What led to the financial and economic crisis was not government largesse in terms of public investments as with the Obama administration's stimulus -- you see the condition of its public services, these took decades to deteriorate! What led to the crisis was largely private but also public institutions throwing caution to the wind and allowing extremely high levels of debt-leveraging built on the faulty assumption that prices could only go up -- a kind of deadly serious music chairs. Not so much cheap money but money with no questions asked -- that had to come due eventually.

What catapulted America to the top in the past century was hardly economic individualism! Personal responsibility and self-determination are virtues that many cultures revere and no doubt assist in building wealth, but America's prosperity was built by great corporations with legions of productive workers, often unionized, and heavy capital investment, with an interventionist state that invested heavily in education and infrastructure -- before others.

This narrative, with its mythologizing of the uniquely anti-collectivist "American Way," accepts much too easily the partly inherited but assiduously manufactured anti-tax, anti-regulation and radical individualist culture that is in large part responsible for the fact that the US now resembles parts of the Third World. Thank you for giving succor to those so-called conservatives who would continue to "starve the beast" of state and condemn the country to an inferior status.

--Fabian Biancardi, Temecula, USA


Dear Spiegel Online,

Wanted to congratulate you on your article. You more clearly articulated what it means (or did mean) to be an American than any of the American journalists of late. I think your diagnosis of our problems is spot on. We have forgotten what personal responsibility and freedoms means. Too many, out of sheer laziness, want to sit back and let the government take care of them. It goes completely against what this country was founded on. I look at the USA as the "grand experiment" bringing together all nationalities and ethnicities in the celebration of freedom and personal opportunity. Obama's administration and the left in this country believe in a much more socialist, big government philosophy. In Obama's case, it is completely in keeping with his upbringing and ideology which the voters unfortunately paid little attention to. I agree completely with you that the answer to our dilemma, if there is a solution, is to return to the wisdom of our founding fathers focusing on individualism and excellence.

--Michael Wilmot, USA


Dear Spiegel Online,

Well-written commentary, artfully crafted and meant to inspire nostalgic patriotism. Unfortunately, it's as full of crap as America's corporate capitalist-owned media and politics. The author conveniently omitted the history of the last Great Depression, when a federal American government had to save capitalism from itself by spending government (taxpayer) money to put people to work, regulating banks, and otherwise acting "socialist." America today has outsourced its manufacturing and monopolized its commerce.
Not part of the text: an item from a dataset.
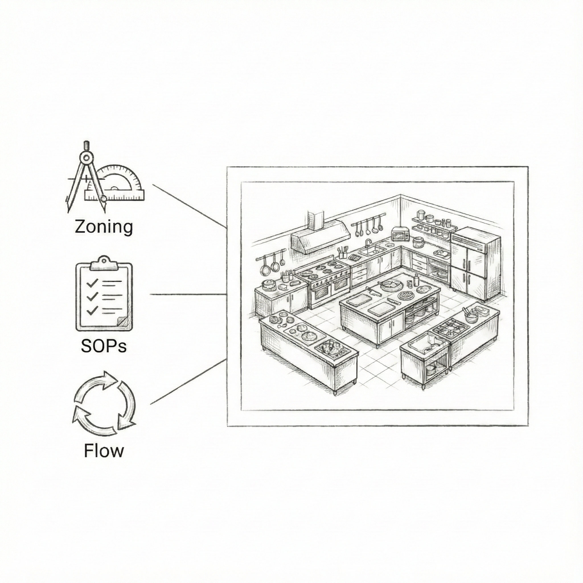 Kitchen zoning and SOPs that turn chaos into effortless consistency.
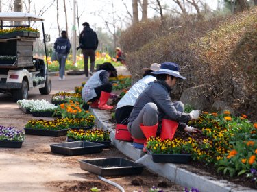 1-4. 용인특례시 관계자가 농촌테마파크 입구에 봄꽃을 심고 있다.

It has created a society of great disparity between high and low incomes. It has intoxicated itself on Reagan's hallucinogenic market-knows-best cocktail. Obama's strategies are nothing more than a correction of the last eight years of Republican laissez-faire excess. Every time the Republicans take control of the government, the US needs the Dems to come back and clean up the mess.

--Kerry Gubits


Dear Spiegel Online,

Nice observation, Herr Professor! I doubt if many in this country would be capable of such insight concerning Germany's economic situation, or any European country's for that matter.
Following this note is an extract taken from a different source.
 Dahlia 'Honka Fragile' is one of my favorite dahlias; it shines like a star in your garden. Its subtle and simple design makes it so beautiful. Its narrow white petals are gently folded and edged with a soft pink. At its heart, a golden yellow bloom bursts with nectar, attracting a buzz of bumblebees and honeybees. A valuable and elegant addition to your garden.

I invite you to research the possibility that the problematic high unemployment rate in the US may actually be incentivized by the extension of unemployment benefits from 26 weeks to 99 weeks -- almost two full years. This move seems to be an example of the kind of European answer the current US administration is apt to seek, and in keeping with the observation you have made in your article: America has indeed become too European.